The rate of progress, says MGI, is set to increase dramatically thanks to a combination of Moore’s law and the melding of three technologies: machine learning, voice recognition and nanotechnology. Tiny computers will be able to perform jobs once regarded as the peculiar preserve of humans: most middle-class people will soon have access to electronic personal assistants (to book flights or co-ordinate diaries) and wearable physicians (to keep a permanent watch on their vital organs).
MGI puts a typically positive spin on all this. It argues that being spared relatively undemanding tasks will free knowledge workers to deal with more complex ones, making them more productive. It argues that the latest wave of innovation will be good for both entrepreneurs and consumers. Small businesses will be able to act like giant ones, because cloud computing will give them access to huge processing power and storage, and because the internet destroys distance. Innovators will be able to test their new ideas with prototypes, then produce them for niche markets. Consumers captured much of the economic gains created by “general-purpose technologies” like steam and electric power, because they stimulated competition as well as increasing efficiency.
Nevertheless, MGI’s study has some sympathy with Messrs Brynjolfsson and McAfee. It worries that modern technologies will widen inequality, increase social exclusion and provoke a backlash. It also speculates that public-sector institutions will be too clumsy to prepare people for this brave new world. Policymakers need to think as hard about managing the current wave of disruptive innovation as technologists are thinking about turbocharging it. For one thing, the purpose of education systems, and the skills and knowledge that they impart, will need to be rethought: “chalk and talk” instruction will be done best by machines, freeing teachers to become more like individual coaches to their pupils.

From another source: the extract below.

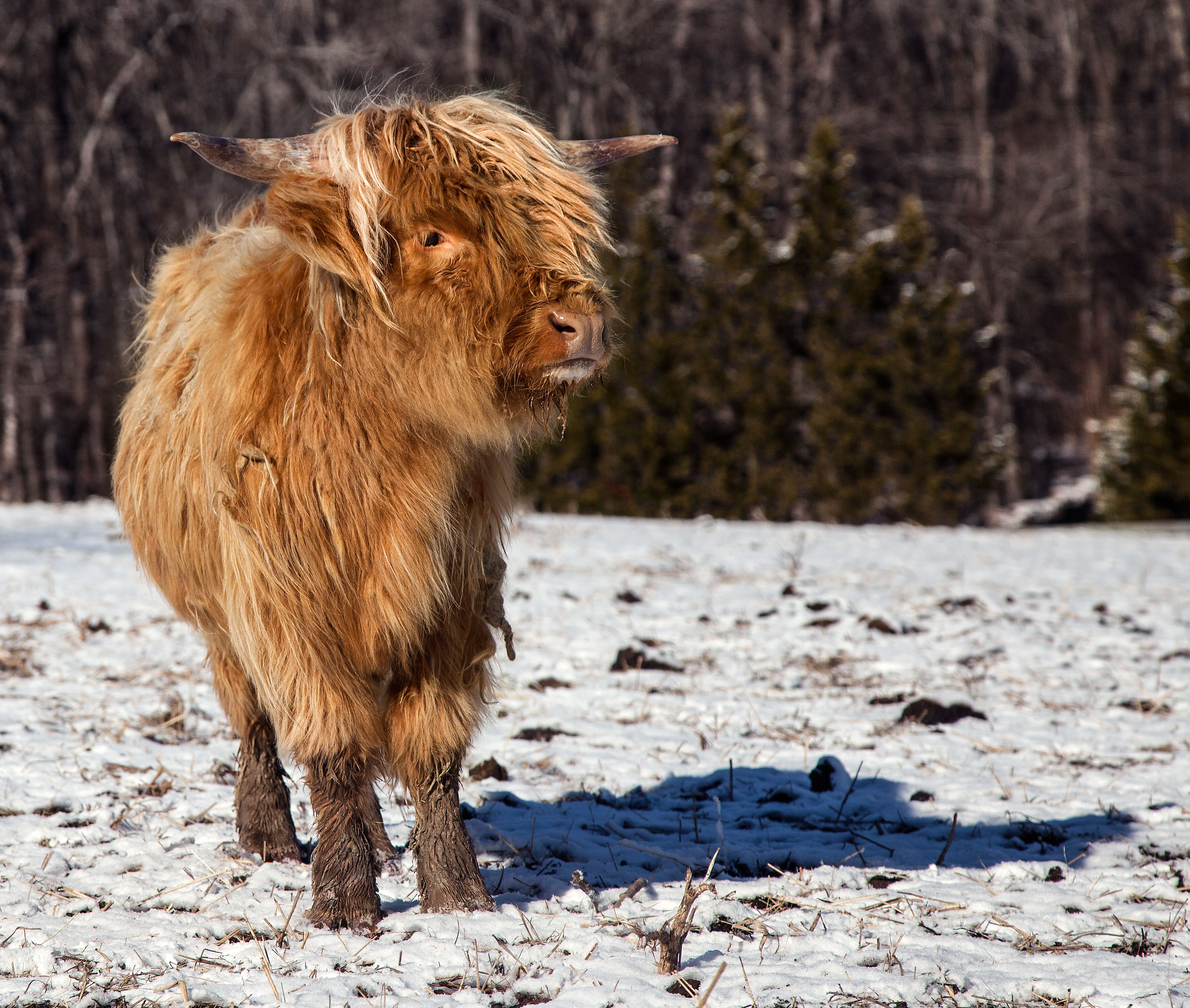 I spent a lot of time trying to photograph cows, but these seemed to have more personality than any I have met. Instead of just standing still and eating grass, they walked over to me (about 5 feet away), and allowed me to take pictures while they played and stood in the snow.

Knowledge-intensive industries will also have to rethink cherished practices. For a start, in an age in which information and processing power are ubiquitous, they will have to become less like guilds, whose reflexes are to regulate supply and restrict competition, and more like mass-market businesses, whose instinct is to maximise the customer base. Innovation will disrupt many areas of skilled work that have so far had it easy. (The Economist May 25th 2013.)
What aspects of the Process Improvement professional’s role could we replace with a smart machine? What are the new career and business opportunities for Black Belts and Lean experts given these trends? Rather than reacting to these trends, all kinds of Knowledge workers — Black Belts, management consultants, lawyers, project managers, coaches, financial advisers etc. — ought to consider how to anticipate change and position themselves to stay in front on the curve rather than underneath it.